Dutta Soumya, Biswas Ayan, Ahrens James
Los Alamos National Laboratory, Los Alamos, NM 87545, USA.
Entropy (Basel). 2019 Jul 16;21(7):699. doi: 10.3390/e21070699.
With increasing computing capabilities of modern supercomputers, the size of the data generated from the scientific simulations is growing rapidly. As a result, application scientists need effective data summarization techniques that can reduce large-scale multivariate spatiotemporal data sets while preserving the important data properties so that the reduced data can answer domain-specific queries involving multiple variables with sufficient accuracy. While analyzing complex scientific events, domain experts often analyze and visualize two or more variables together to obtain a better understanding of the characteristics of the data features. Therefore, data summarization techniques are required to analyze multi-variable relationships in detail and then perform data reduction such that the important features involving multiple variables are preserved in the reduced data. To achieve this, in this work, we propose a data sub-sampling algorithm for performing statistical data summarization that leverages pointwise information theoretic measures to quantify the statistical association of data points considering multiple variables and generates a sub-sampled data that preserves the statistical association among multi-variables. Using such reduced sampled data, we show that multivariate feature query and analysis can be done effectively. The efficacy of the proposed multivariate association driven sampling algorithm is presented by applying it on several scientific data sets.

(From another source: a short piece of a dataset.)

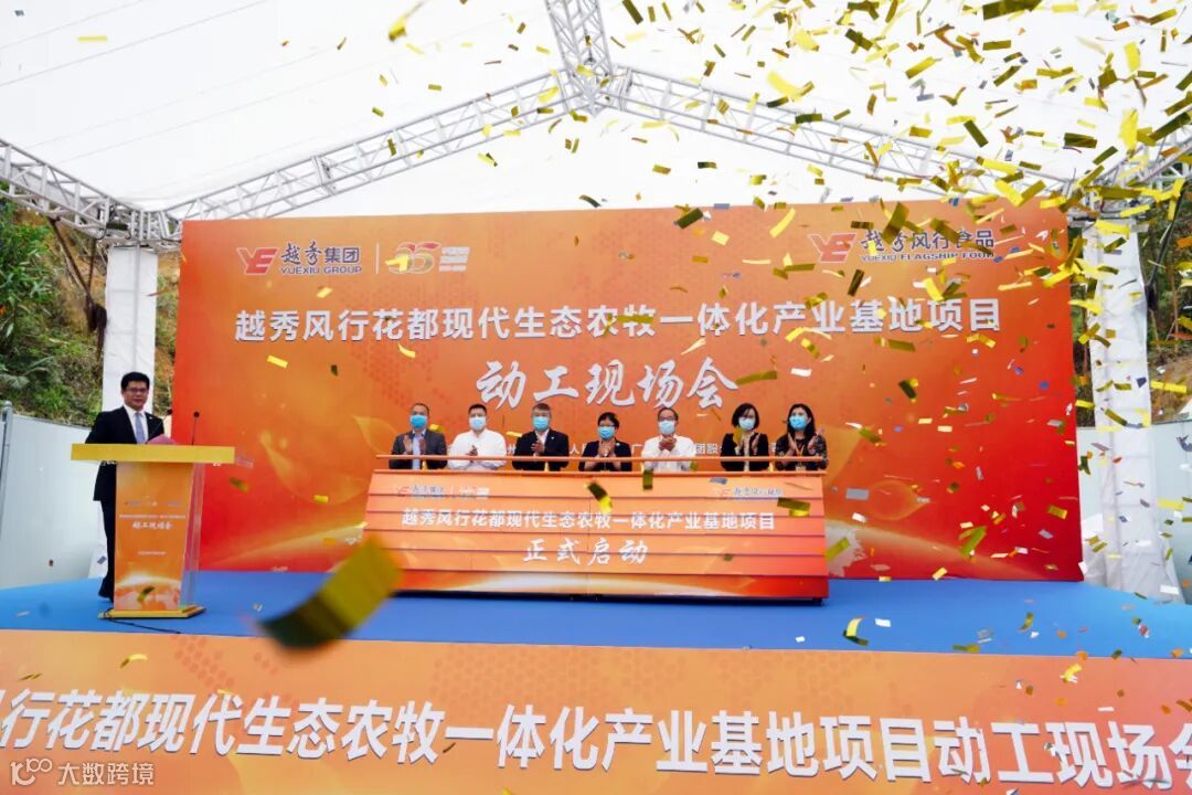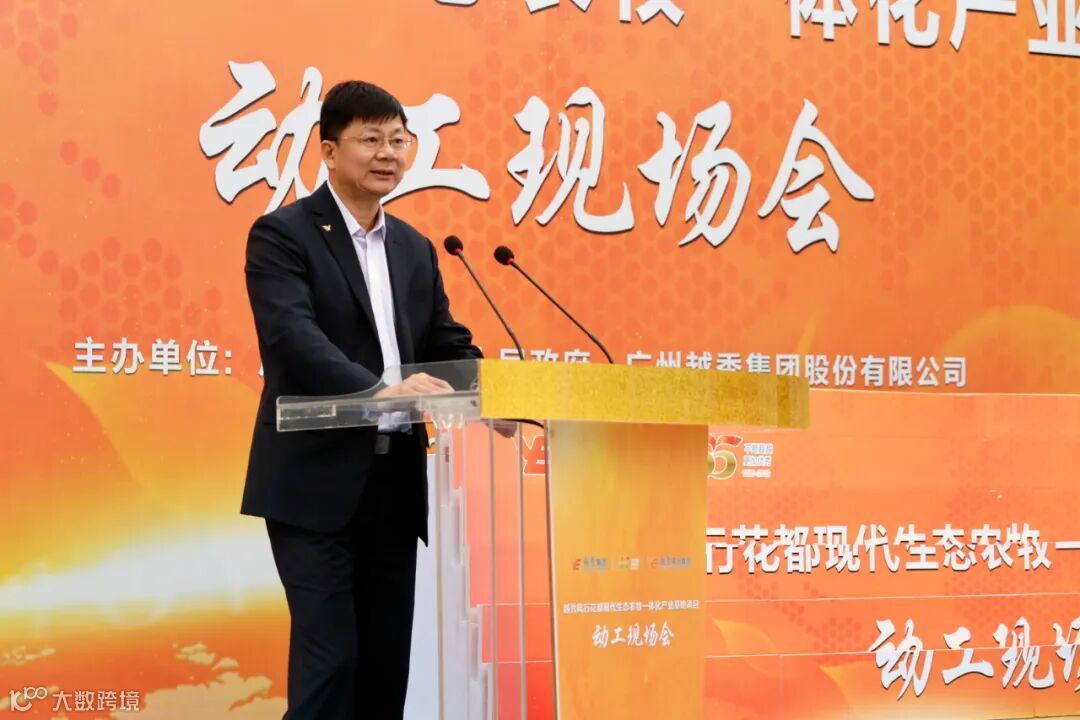 3月25日上午,广州越秀风行花都现代生态农牧一体化产业基地项目开工仪式在花都狮岭军田村举行。广州市副市长黎明,花都区委书记黄伟林、区长邢翔,市国资委总经济师罗俊茯,市农业农村局总畜牧兽医师彭聪,越秀集团党委书记、董事长张招兴,总经理叶珊瑚,广西扬翔总裁施亮,以及花都区有关职能部门领导出席仪式。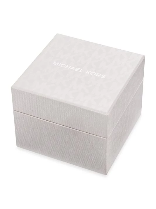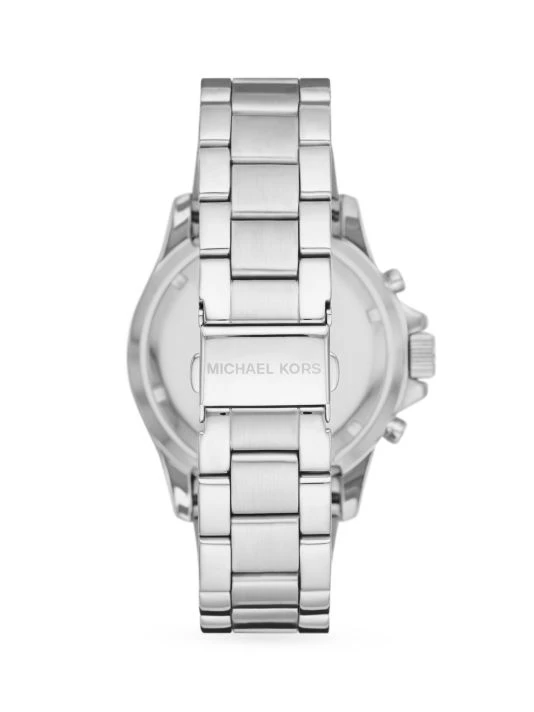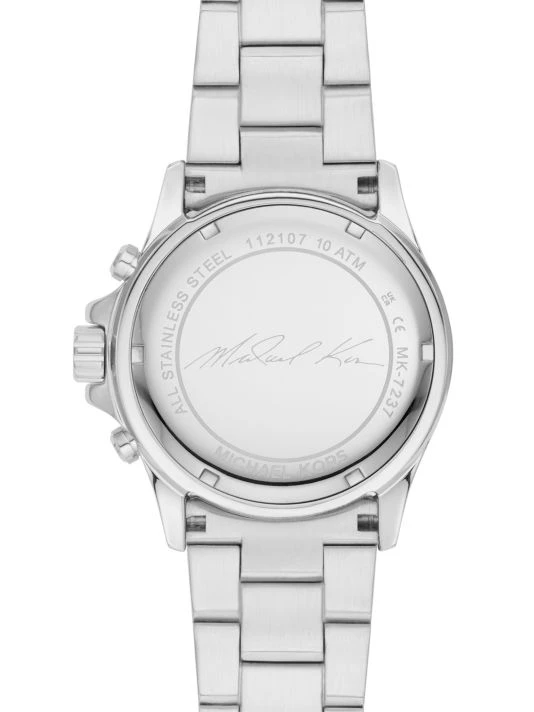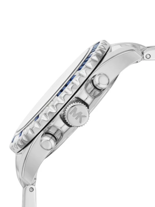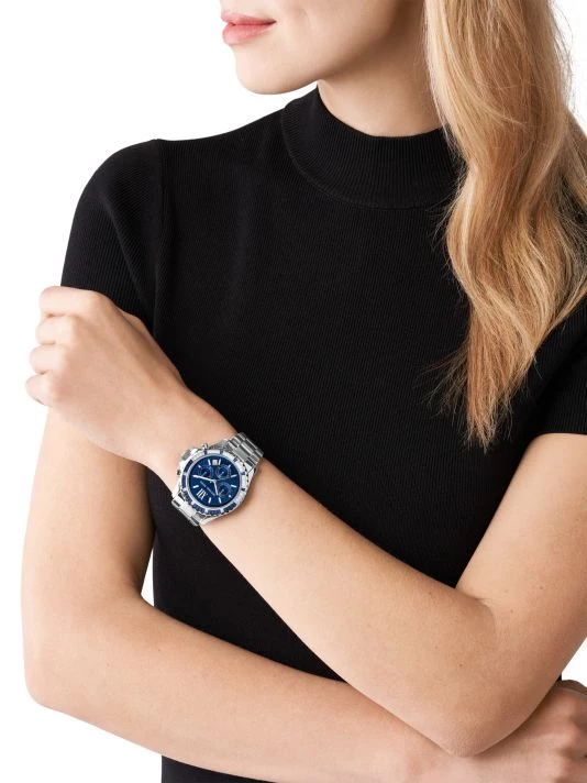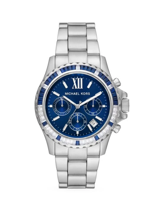 From the Everest Collection. Featuring a multi-link bracelet, Michael Kors’ chronograph watch showcases a two-tone baguette bezel and sleek blue dial.

随着现代超级计算机计算能力的不断提高,科学模拟产生的数据规模正在迅速增长。因此,应用科学家需要有效的数据汇总技术,这些技术可以减少大规模多变量时空数据集,同时保留重要的数据属性,以便精简后的数据能够足够准确地回答涉及多个变量的特定领域查询。在分析复杂的科学事件时,领域专家经常一起分析和可视化两个或更多变量,以便更好地理解数据特征的特性。因此,需要数据汇总技术来详细分析多变量关系,然后进行数据精简,以便在精简后的数据中保留涉及多个变量的重要特征。为了实现这一目标,在这项工作中,我们提出了一种用于执行统计数据汇总的数据子采样算法,该算法利用逐点信息理论度量来量化考虑多个变量的数据点的统计关联,并生成保留多变量之间统计关联的子采样数据。使用这样精简后的采样数据,我们表明可以有效地进行多变量特征查询和分析。通过将所提出的多变量关联驱动采样算法应用于几个科学数据集,展示了该算法的有效性。